=== DATA UNDER STUDY ===
================

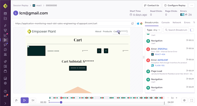 Get to the root cause of an issue faster by watching replays of real user sessions with best-in-class privacy controls. Understand when, where, and how an error is impacting your website or mobile app without having to repro it yourself, talk to a customer, or expose sensitive data.
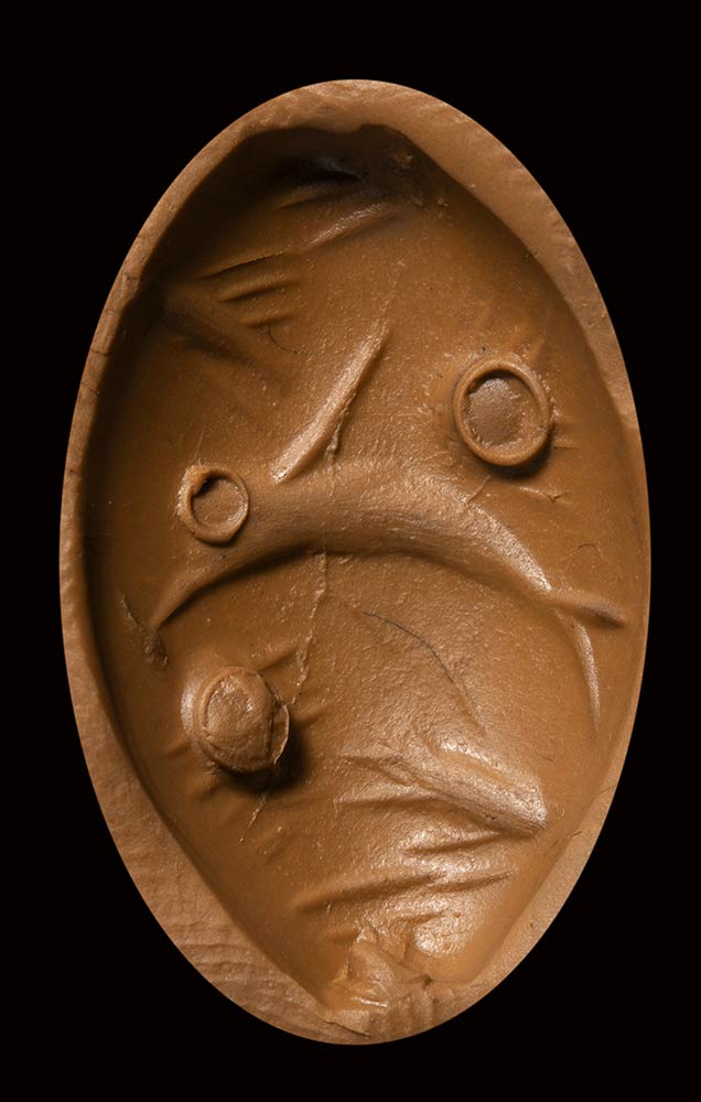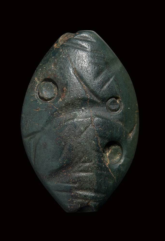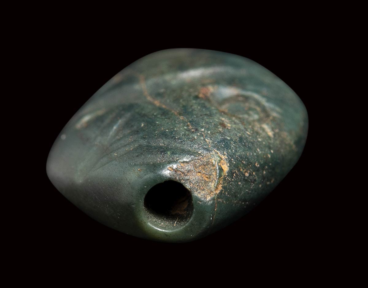 Lot 1 | A minoan amygdaloid green jasper engraved seal.Fish with talismanic symbols .
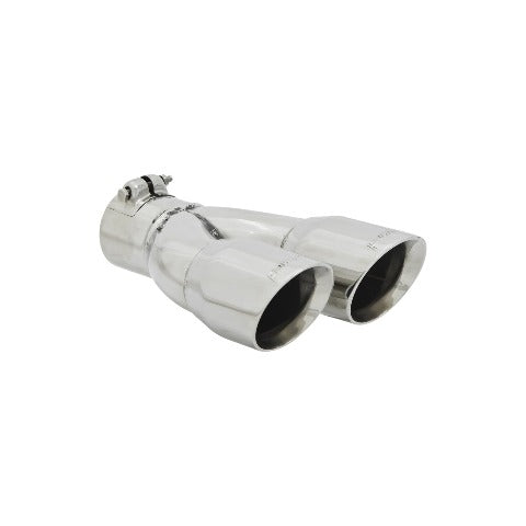These fully polished stainless steel tips feature a double-wall construction, a rolled or cut edge style and come finished with embossed Flowmaster logo. Clamp-on installation. Available in various sizes. Sold individually.
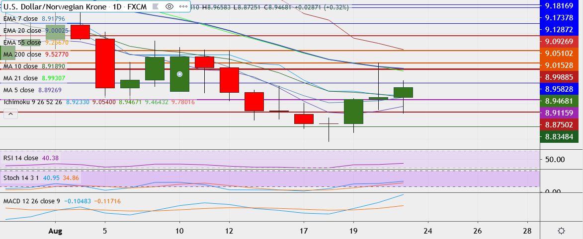 - Immediate resistance is located at 8.9856, close above could take it till 9.0058 (20-EMA).
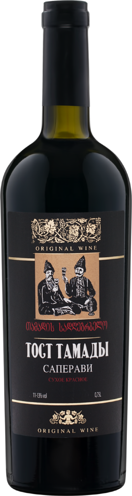 Красное сухое вино "Тост Тамады" Саперави создано из одноименного сорта винограда. Саперави — один из самых важных сортов винограда на Кавказе, получивший широкое распространение и в Европе в XIX веке. Таким образом, Саперави можно считать прародителем многих великих красных вин. Виноград сорта Саперави может выдерживать и долгую засуху, и сибирские морозы. Саперави для этого вина выращивают в Краснодарском крае, где почвенно-климатические условия являются одними из наиболее благоприятных в России для культивирования винограда. После сбора урожая, который осуществляется в момент оптимальной спелости ягод, виноград подвергается традиционной винификации при контролируемой температуре. Вино станет идеальным сопровождением для сытных мясных блюд, хорошо сочетается с жареным и приготовленным на гриле красным мясом, а также твердыми сырами. Хорошо продуманный дизайн этикетки, напоминающий о солнечной и гостеприимной Грузии, а также демократичное соотношение "цена-качество" являются немаловажным достоинством вина "Тост Тамады" Саперави.
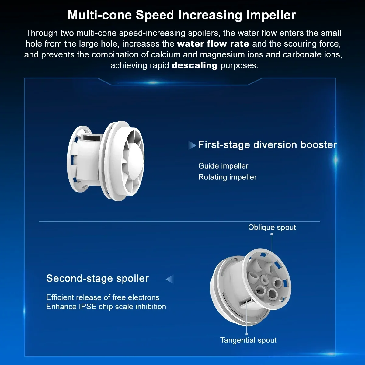●Note: Does not lower TDS(ppm):(Prevent calcium and magnesium ions from scaling and form compounds, but will not remove calcium and magnesium ions, unlike traditional water softeners.)
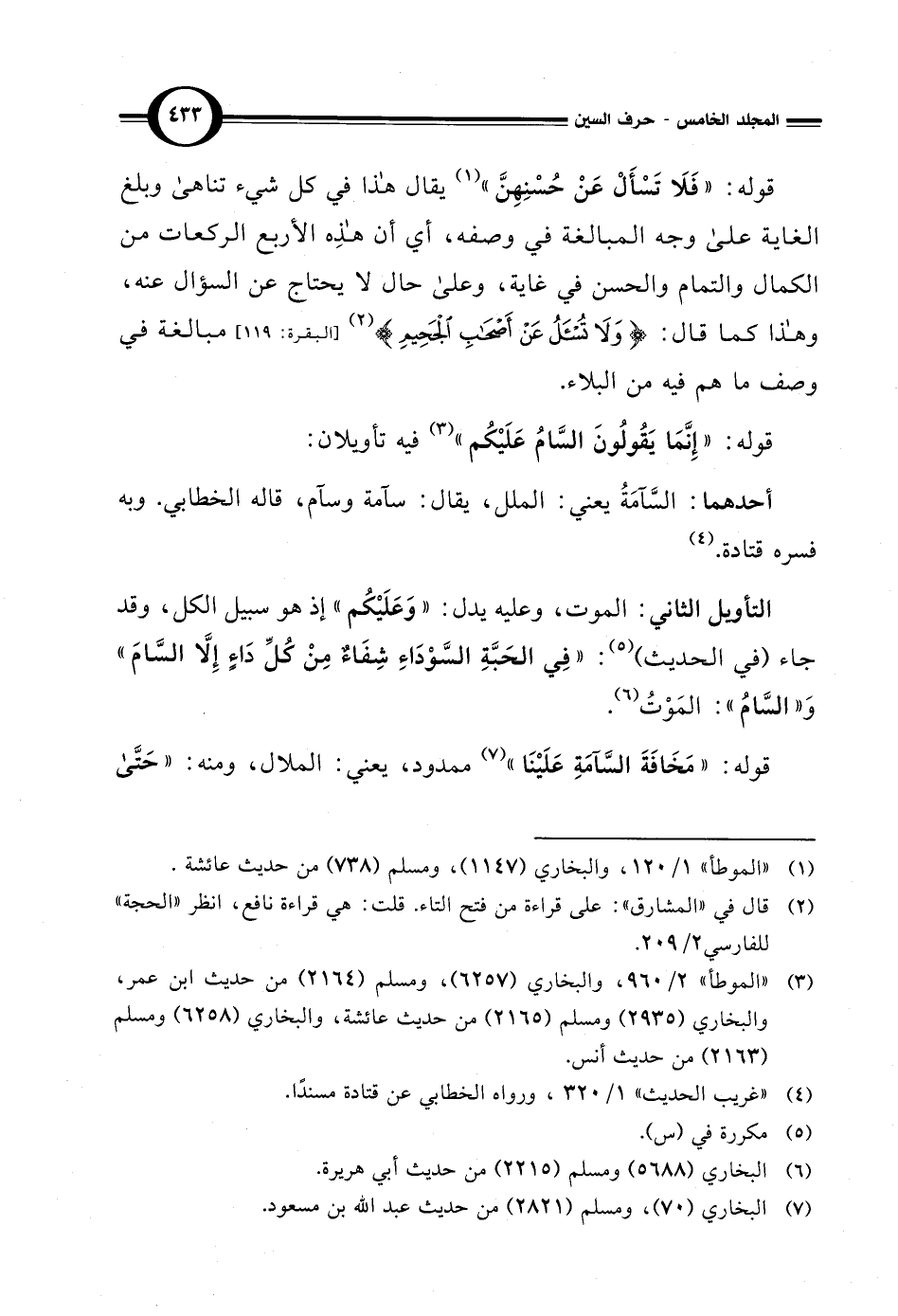 قوله: "إِنَّمَا يَقُولُونَ السَّامُ عَلَيْكُم" (¬3) فيه تأويلان: أحدهما: السَّآمَةُ يعني: الملل، يقال: سآمة وسآم، قاله الخطابي. وبه فسره قتادة. (¬4) التأويل الثاني: الموت، وعليه يدل: "وَعَلَيْكُم" إذ هو سبيل الكل، وقد جاء (في الحديث) (¬5): "في الحَبَّةِ السَّوْدَاءِ شِفَاءٌ مِنْ كُلِّ دَاءٍ إِلَّا السَّامَ" وَ"السَّامُ": المَوْتُ (¬6).

================

=== EXERCISE DESCRIPTION ===
Each line from the start of the entries above through the line with "- Immediate resistance" should be duplicated exactly, leaving out the pictures.

=== RESULT FOR THIS EXERCISE ===
 Get to the root cause of an issue faster by watching replays of real user sessions with best-in-class privacy controls. Understand when, where, and how an error is impacting your website or mobile app without having to repro it yourself, talk to a customer, or expose sensitive data.
 Lot 1 | A minoan amygdaloid green jasper engraved seal.Fish with talismanic symbols .
These fully polished stainless steel tips feature a double-wall construction, a rolled or cut edge style and come finished with embossed Flowmaster logo. Clamp-on installation. Available in various sizes. Sold individually.
 - Immediate resistance is located at 8.9856, close above could take it till 9.0058 (20-EMA).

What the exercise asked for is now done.